Non-Goals (for initial version)

  • LSP/MCP/BSP/gRPC communication protocols (future)
  • Distributed/remote execution (future)
  • Fine-grained incremental compilation (future)

Reference Implementation

The WIT bindings (pkg/bindings/wit/pipeline) serve as the reference implementation for native toolchains:

  • morphir wit make → WIT source → Morphir IR (frontend)
  • morphir wit gen → Morphir IR → WIT source (backend)
  • morphir wit build → Full pipeline with round-trip validation
  • JSONL batch processing for streaming workflows

This implementation demonstrates the patterns that the toolchain framework will generalize.

Core Concepts

Conceptual Hierarchy

┌─────────────────────────────────────────────────────────────────┐
│ CLI Commands │
│ morphir make | morphir build | morphir gen:scala │
├─────────────────────────────────────────────────────────────────┤
│ Workflows (named orchestrations) │
│ build, ci, release, custom workflows... │
├─────────────────────────────────────────────────────────────────┤
│ Targets (capabilities) │
│ make, gen, test, validate, format... │
├─────────────────────────────────────────────────────────────────┤
│ Tasks (toolchain implementations) │
│ morphir-elm/make, morphir-elm/gen, morphir-native/validate │
├─────────────────────────────────────────────────────────────────┤
│ Toolchains (provide tasks) │
│ morphir-elm, morphir-native, custom toolchains │
└─────────────────────────────────────────────────────────────────┘

Toolchains

A toolchain is both a tool adapter AND a capability provider.

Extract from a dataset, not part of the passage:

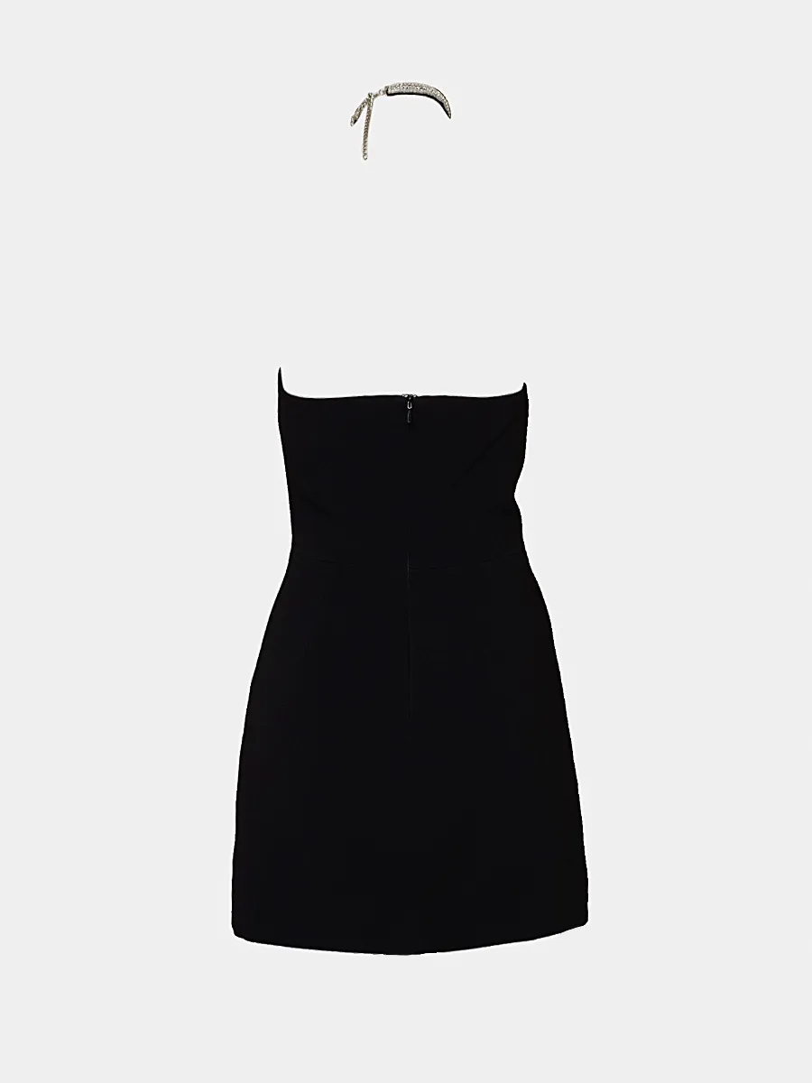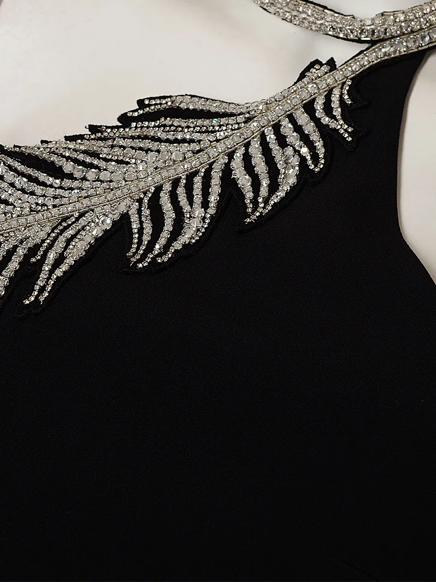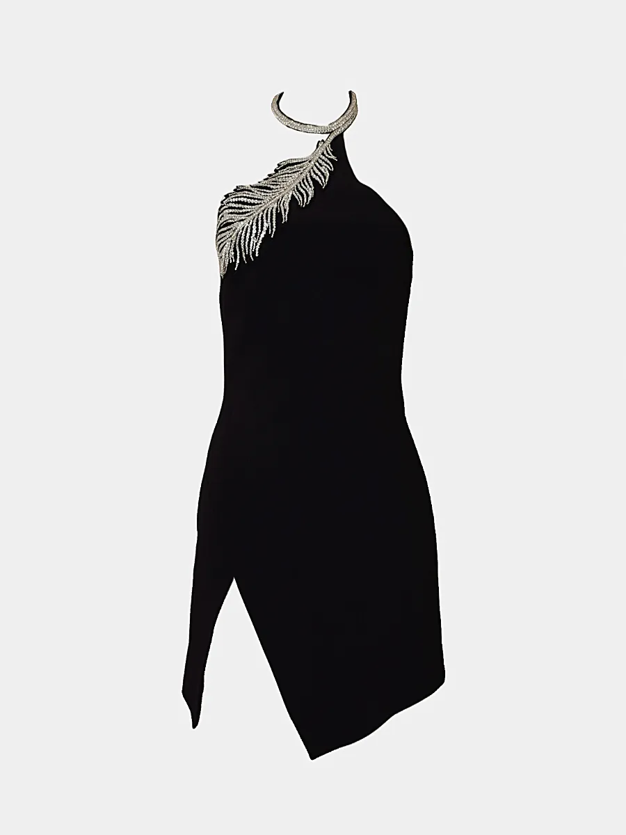 Платье David Koma — минималистичный силуэт из плотной черной ткани с эффектным асимметричным декором: броская вышивка в виде пера, инкрустированная кристаллами, на плече и шее, создаёт роскошный акцент; облегающий крой и разрез сбоку подчеркивают фигуру — эксклюзивный выбор для вечернего образа.

Toolchains come in two flavors:

External Toolchains (Process-Based)

External toolchains invoke tools via process execution. They:

  • Declare how to acquire and invoke external tools (npm, mise, path)
  • Communicate via file-based artifacts (JSONC) and diagnostics (JSONL)
  • Run in separate processes with configurable environment

Example: morphir-elm

[toolchain.morphir-elm]
name = "morphir-elm"
version = "2.90.0"

# Acquisition
acquire.backend = "npx" # or "npm", "mise", "dotnet-tool", "path"
acquire.package = "morphir-elm"
acquire.version = "^2.90.0"

# Environment
env.NODE_OPTIONS = "--max-old-space-size=4096"
working_dir = "."
timeout = "5m"

# Tasks provided
[toolchain.morphir-elm.tasks.make]
exec = "morphir-elm"
args = ["make", "-o", "{outputs.ir}"]
inputs = ["elm.json", "src/**/*.elm"]
outputs = { ir = { path = "morphir-ir.json", type = "morphir-ir" } }
fulfills = ["make"]

[toolchain.morphir-elm.tasks.gen]
exec = "morphir-elm"
args = ["gen", "-i", "{inputs.ir}", "-o", "{outputs.dir}", "-t", "{variant}"]
inputs = { ir = "@morphir-elm/make:ir" }
outputs = { dir = "dist/{variant}/**/*" }
fulfills = ["gen"]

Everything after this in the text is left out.